There are POSIX (but non-obvious) solutions to both problems. An alternate form of -exec ends with a
plus-sign, not a semi-colon. This form collects the filenames into groups or sets, and runs the command
once per set. (This is exactly what xargs does, to prevent argument lists from becoming too long for the
system to handle.) In this form the {} argument expands to the set of filenames. For example:

find / -name core -exec /bin/rm -f '{}' +

This form of -exec can be combined with a shell feature to solve the other problem (names with spaces).
The POSIX shell allows us to use:

sh -c 'command-line' [ command-name [ args... ] ]

(We don't usually care about the command-name, so X, dummy, or inline cmd is often used.) Here's an
example of efficiently copying found files to /tmp, in a POSIX-compliant way (Posted on
comp.unix.shell netnews newsgroup on Oct. 28 2007 by Stephane CHAZELAS):

find . -name '*.txt' -type f \


-exec sh -c 'exec cp -f "$@" /tmp' find-copy {} +

Common Gotcha:
If the given expression to find does not contain any of the action primaries -exec, -ok, or -print, the
given expression is effectively replaced by:

find \( expression \) -print

The implied parenthesis can cause unexpected results.
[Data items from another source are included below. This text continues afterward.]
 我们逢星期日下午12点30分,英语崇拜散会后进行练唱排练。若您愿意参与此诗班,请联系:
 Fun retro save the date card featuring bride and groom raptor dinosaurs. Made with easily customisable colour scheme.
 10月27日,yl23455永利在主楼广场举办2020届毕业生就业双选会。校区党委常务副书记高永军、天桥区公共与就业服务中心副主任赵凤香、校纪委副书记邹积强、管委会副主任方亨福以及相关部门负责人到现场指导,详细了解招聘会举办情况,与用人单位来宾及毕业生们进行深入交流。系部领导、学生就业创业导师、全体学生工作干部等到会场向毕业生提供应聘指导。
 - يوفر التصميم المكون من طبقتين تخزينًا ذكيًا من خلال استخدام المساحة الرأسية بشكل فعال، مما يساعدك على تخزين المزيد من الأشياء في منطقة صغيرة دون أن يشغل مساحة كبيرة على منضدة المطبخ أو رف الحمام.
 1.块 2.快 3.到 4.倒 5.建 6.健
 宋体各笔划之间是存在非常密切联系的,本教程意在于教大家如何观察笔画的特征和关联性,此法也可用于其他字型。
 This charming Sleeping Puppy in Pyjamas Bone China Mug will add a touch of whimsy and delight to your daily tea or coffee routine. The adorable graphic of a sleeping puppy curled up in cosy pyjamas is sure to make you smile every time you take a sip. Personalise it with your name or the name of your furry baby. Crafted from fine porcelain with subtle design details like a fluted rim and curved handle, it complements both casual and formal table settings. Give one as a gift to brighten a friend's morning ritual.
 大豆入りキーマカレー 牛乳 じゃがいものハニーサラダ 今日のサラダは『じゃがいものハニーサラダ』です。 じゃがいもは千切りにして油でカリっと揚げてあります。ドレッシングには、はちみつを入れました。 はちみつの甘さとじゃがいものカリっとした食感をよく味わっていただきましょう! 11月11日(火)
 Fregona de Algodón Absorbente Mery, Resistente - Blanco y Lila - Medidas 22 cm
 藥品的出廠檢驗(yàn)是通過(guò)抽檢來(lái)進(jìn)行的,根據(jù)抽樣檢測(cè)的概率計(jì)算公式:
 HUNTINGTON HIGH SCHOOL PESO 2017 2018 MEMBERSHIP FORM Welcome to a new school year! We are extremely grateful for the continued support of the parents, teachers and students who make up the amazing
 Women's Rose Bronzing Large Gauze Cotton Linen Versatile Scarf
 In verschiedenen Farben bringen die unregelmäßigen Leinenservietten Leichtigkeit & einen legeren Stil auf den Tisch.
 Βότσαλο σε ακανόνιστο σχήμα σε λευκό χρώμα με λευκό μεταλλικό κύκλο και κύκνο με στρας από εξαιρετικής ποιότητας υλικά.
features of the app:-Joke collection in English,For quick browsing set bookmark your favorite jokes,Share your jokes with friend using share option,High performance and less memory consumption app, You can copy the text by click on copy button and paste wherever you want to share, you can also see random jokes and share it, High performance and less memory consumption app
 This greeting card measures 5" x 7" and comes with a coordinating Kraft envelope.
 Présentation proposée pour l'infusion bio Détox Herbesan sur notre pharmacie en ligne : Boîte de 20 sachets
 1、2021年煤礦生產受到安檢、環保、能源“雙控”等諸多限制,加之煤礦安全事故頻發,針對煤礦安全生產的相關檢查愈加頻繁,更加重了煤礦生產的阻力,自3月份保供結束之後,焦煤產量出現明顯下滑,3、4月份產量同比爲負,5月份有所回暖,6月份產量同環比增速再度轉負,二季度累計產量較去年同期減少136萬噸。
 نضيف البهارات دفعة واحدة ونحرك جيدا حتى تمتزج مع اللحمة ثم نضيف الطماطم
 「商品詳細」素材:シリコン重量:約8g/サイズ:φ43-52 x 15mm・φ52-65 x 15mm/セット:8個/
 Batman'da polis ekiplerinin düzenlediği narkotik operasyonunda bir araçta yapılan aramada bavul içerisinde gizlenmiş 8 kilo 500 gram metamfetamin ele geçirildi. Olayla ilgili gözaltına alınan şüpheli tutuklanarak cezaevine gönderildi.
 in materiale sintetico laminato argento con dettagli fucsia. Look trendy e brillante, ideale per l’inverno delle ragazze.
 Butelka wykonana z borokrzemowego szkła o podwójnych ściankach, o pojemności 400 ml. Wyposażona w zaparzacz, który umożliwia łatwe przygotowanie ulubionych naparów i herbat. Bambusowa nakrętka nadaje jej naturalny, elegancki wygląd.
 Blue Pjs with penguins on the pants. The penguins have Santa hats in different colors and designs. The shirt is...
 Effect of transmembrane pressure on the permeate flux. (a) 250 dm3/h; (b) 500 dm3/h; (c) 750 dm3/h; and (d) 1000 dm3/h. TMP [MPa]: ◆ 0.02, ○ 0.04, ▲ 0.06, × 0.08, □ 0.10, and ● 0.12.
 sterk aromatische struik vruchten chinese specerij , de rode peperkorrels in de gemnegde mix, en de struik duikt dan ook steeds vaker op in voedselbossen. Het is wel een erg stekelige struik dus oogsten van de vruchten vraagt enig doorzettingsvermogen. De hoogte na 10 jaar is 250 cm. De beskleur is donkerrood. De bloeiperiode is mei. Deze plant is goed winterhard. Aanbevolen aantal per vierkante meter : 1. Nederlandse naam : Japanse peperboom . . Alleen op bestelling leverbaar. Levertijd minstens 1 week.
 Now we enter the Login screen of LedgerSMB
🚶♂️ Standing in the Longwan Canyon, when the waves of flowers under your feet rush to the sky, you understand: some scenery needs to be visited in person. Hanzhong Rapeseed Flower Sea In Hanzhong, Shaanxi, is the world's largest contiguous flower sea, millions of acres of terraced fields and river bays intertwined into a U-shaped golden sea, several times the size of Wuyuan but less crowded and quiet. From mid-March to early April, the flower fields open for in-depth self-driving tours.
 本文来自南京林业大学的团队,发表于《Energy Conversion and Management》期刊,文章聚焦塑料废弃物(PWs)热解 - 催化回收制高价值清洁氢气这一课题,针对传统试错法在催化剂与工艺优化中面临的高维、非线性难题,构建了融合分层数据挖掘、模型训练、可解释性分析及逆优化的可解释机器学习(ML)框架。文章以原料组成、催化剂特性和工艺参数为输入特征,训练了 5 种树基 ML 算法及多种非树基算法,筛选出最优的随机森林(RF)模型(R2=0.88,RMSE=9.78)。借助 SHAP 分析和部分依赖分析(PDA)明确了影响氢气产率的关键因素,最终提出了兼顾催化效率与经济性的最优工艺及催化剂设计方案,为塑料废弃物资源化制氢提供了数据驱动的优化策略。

For example, consider these two similar
commands:

$ find -name tmp -prune -o -name \*.txt


./bin/data/secret.txt
./tmp
./missingEOL.txt
./public_html/graphics/README.txt
./datafile2.txt
./datafile.txt
$ find -name tmp -prune -o -name \*.txt -print
./bin/data/secret.txt
./missingEOL.txt
./public_html/graphics/README.txt
./datafile2.txt
./datafile.txt

The lack of an action in the first command means it is equivalent to:

find . \( -name tmp -prune -o -name \*.txt \) -print

This causes tmp to be included in the output. However for the second find command the normal rules of
Boolean operator precedence apply, so the pruned directory does not appear in the output.